Mosque Raid Causes Outrage

Mosque Raid Causes Outrage

Published: February 13, 2013 (Issue # 1746)


ALEXANDER BELENKY / SPT

Law enforcement officers arrested hundreds of migrant workers at Apraksin Dvor on Friday. Seven have been deported.

Human rights organizations in Russia, Tajikistan and Georgia on Tuesday protested mass arrests and reported harassment and beatings of mostly Central Asian and North Caucasus migrant workers during Friday’s raid on a marketplace in central St. Petersburg.

They are demanding a thorough investigation by Russian and Tajik authorities into the actions of law-enforcement officers who raided Apraksin Dvor, the marketplace in downtown St. Petersburg, during a service at a mosque on the market’s territory.

The Investigative Committee put the number of those detained at 271, but Fontanka.ru reported that “no less than 700” had been arrested, while human rights activists say that the number of arrests could be as high as 1,000.

Officially, the raid was part of a criminal investigation into “public incitement to terrorist activities or public justification of terrorism” and “inciting hatred or hostility as well as humiliation of human dignity” and was conducted jointly by several law enforcement agencies, including the Federal Security Service (FSB) and counter-extremism Center E. Smaller raids were held elsewhere in the city.

But only one person of the hundreds who were arrested is a suspect in that case.

Mass beatings were reported to have taken place during the raid at Apraksin Dvor.

“People who were victims of the mosque raid there and their relatives keep approaching us since the raid took place,” said Anna Udyarova, a lawyer with the Memorial Anti-Discrimination Center, on Tuesday.

“For instance, one citizen of Uzbekistan said he had gone there with his sons, the youngest of whom was 10, and security service officers had used force against him, had beaten him as well as his adult sons, and all this had happened before the eyes of his 10-year-old son.

“Witnesses who work nearby in Apraksin Dvor said about 200 people were beaten, and some sustained injuries as serious as broken arms and legs, but they refuse to file official complaints or document their injuries because they’re afraid of how the authorities will respond. But in conversation with us, they say that all the men who were at the mosque during the service were beaten.”

The only person detained as a suspect within the investigation, according to the Investigative Committee, was Murat Sarbyshev, born in Kabardino-Balkaria (a republic in the south of the Russian Federation) in 1988. He is suspected of having uploaded “extremist literature and videos depicting terrorist attacks on the Internet in a period between October 2010 and April 2011,” the Investigative Committee said in a statement Saturday.

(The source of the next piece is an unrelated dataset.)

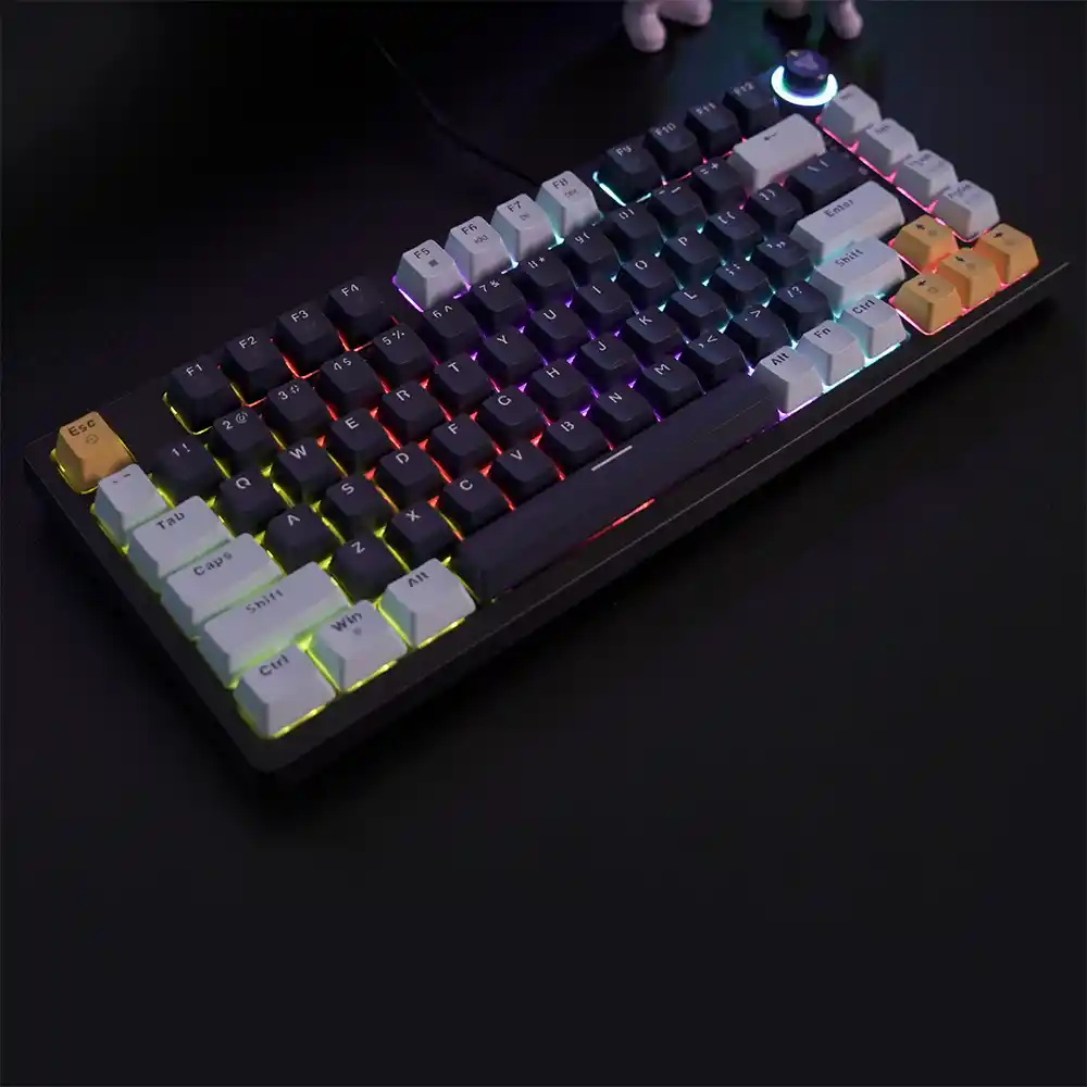 - فرم فاکتور 75%: در این کیبورد بخش نامپد (کلیدهای عددی سمت راست) حذف شده است. به عبارت دیگر، این نوع کیبورد در مقایسه با کیبوردهای کامل (Full-size)، از ابعاد کوچکتر و وزن سبکتر برخوردار است، با این حال تمامی کلیدهای اصلی و کاربردی مورد نیاز برای گیمینگ را در خود جای داده است. بسیاری از گیمرها استفاده از کیبوردهای این مدل را ترجیح میدهند، چرا که این طراحی فضای بیشتری را برای حرکت آزادانه ماوس فراهم میسازد و حمل و نقل کیبورد را نیز آسانتر میکند.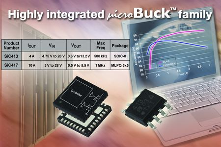 4A電流的SiC413和10A電流的SiC417 DC/DC轉換器具有兩個N溝道MOSFET、自舉二極管、控制器IC,

“We are trying to understand why such a large-scale special operation was held to detain just one person — who turned out to be a citizen of Russia — and with such a large number of people suffering as the result of harassment and beatings,” Udyarova said.

“It had an intimidating effect not only on those who were at the mosque at the time, but also on all the foreign citizens, mainly of Tajikistan and Uzbekistan, who are based in St. Petersburg and Russia, who learned about this incident and perceived it as a threat to themselves.”

According to Udyarova, up to 1,000 people may have been detained in the city on Friday.

“We were told that about 1,000 were detained, because this special operation took place not only in Apraksin Dvor, but in other places in the city simultaneously,” she said.

“Differences in numbers can be explained by the fact that not everybody who was detained was taken to a police precinct; only those who had problems regarding their immigration documents.

“Even if, as the Interior Ministry’s representative claimed, the objective of this campaign was not to expose illegal migrants and they were in fact looking for suspects in a criminal investigation, as usual, innocent people — foreigners — who were there are the ones who suffered.”

She said the Memorial Anti-Discrimination Center will provide legal support if at least one person who is not intimidated enough to file a complaint is found.

According to the Investigative Committee, those detained included citizens of Uzbekistan, Tajikistan, Azerbaijan and the regions of the North Caucasus, as well as one citizen of Egypt and one citizen of Afghanistan. Ten had personal documents showing signs of forgery, and twenty had no documents at all, the agency said in a statement Saturday.

Of those detained, seven were deported and one more was awaiting deportation in a detention center for foreigners, Interfax news agency reported Monday, citing a source in the police.

With the exception of them and the suspect Sarbyshev, all those detained during the raid were released with no charges pressed, it said.

Late on Tuesday, Interfax quoted a source with the FSB who claimed that the deported seven had links to an “international terrorist organization.”